* DATA SEGMENT:

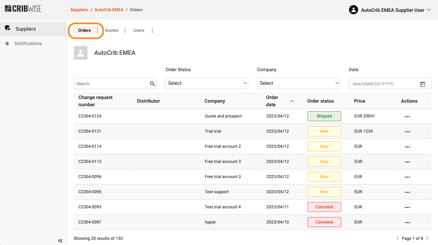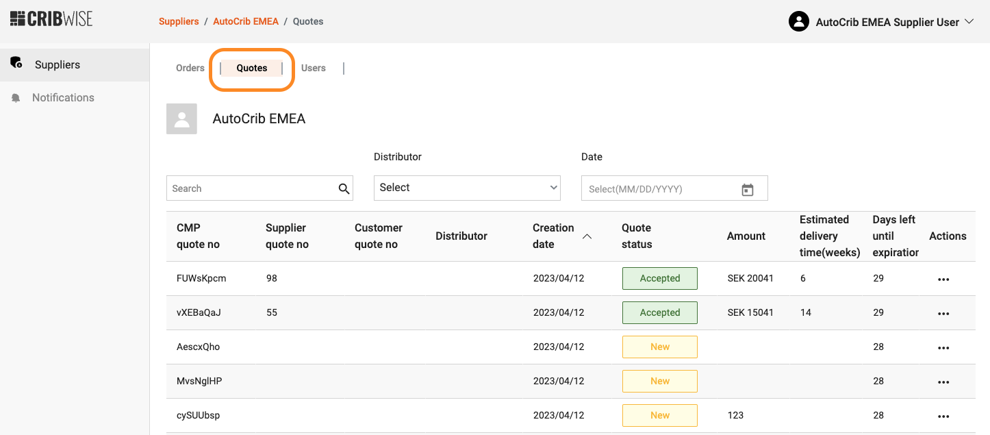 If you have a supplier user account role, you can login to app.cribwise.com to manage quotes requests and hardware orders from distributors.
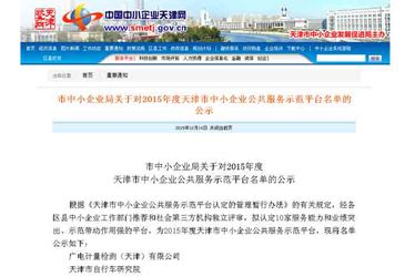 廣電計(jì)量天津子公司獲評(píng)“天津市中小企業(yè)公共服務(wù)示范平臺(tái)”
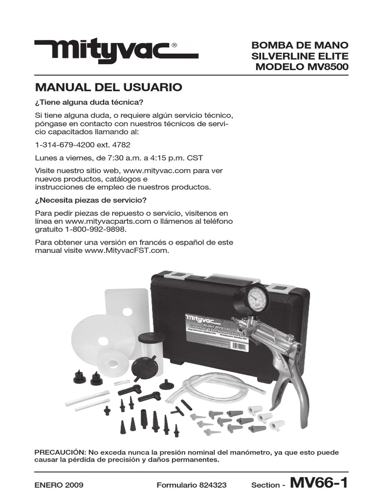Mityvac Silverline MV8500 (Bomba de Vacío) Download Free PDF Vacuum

* TASK OBJECTIVE:
Please return exactly the lines from the one containing "廣電計(jì)量天津子公司獲" through the end of the material above, both ends included, but not the pictures.

* TASK ANSWER:
 廣電計(jì)量天津子公司獲評(píng)“天津市中小企業(yè)公共服務(wù)示范平臺(tái)”
Mityvac Silverline MV8500 (Bomba de Vacío) Download Free PDF Vacuum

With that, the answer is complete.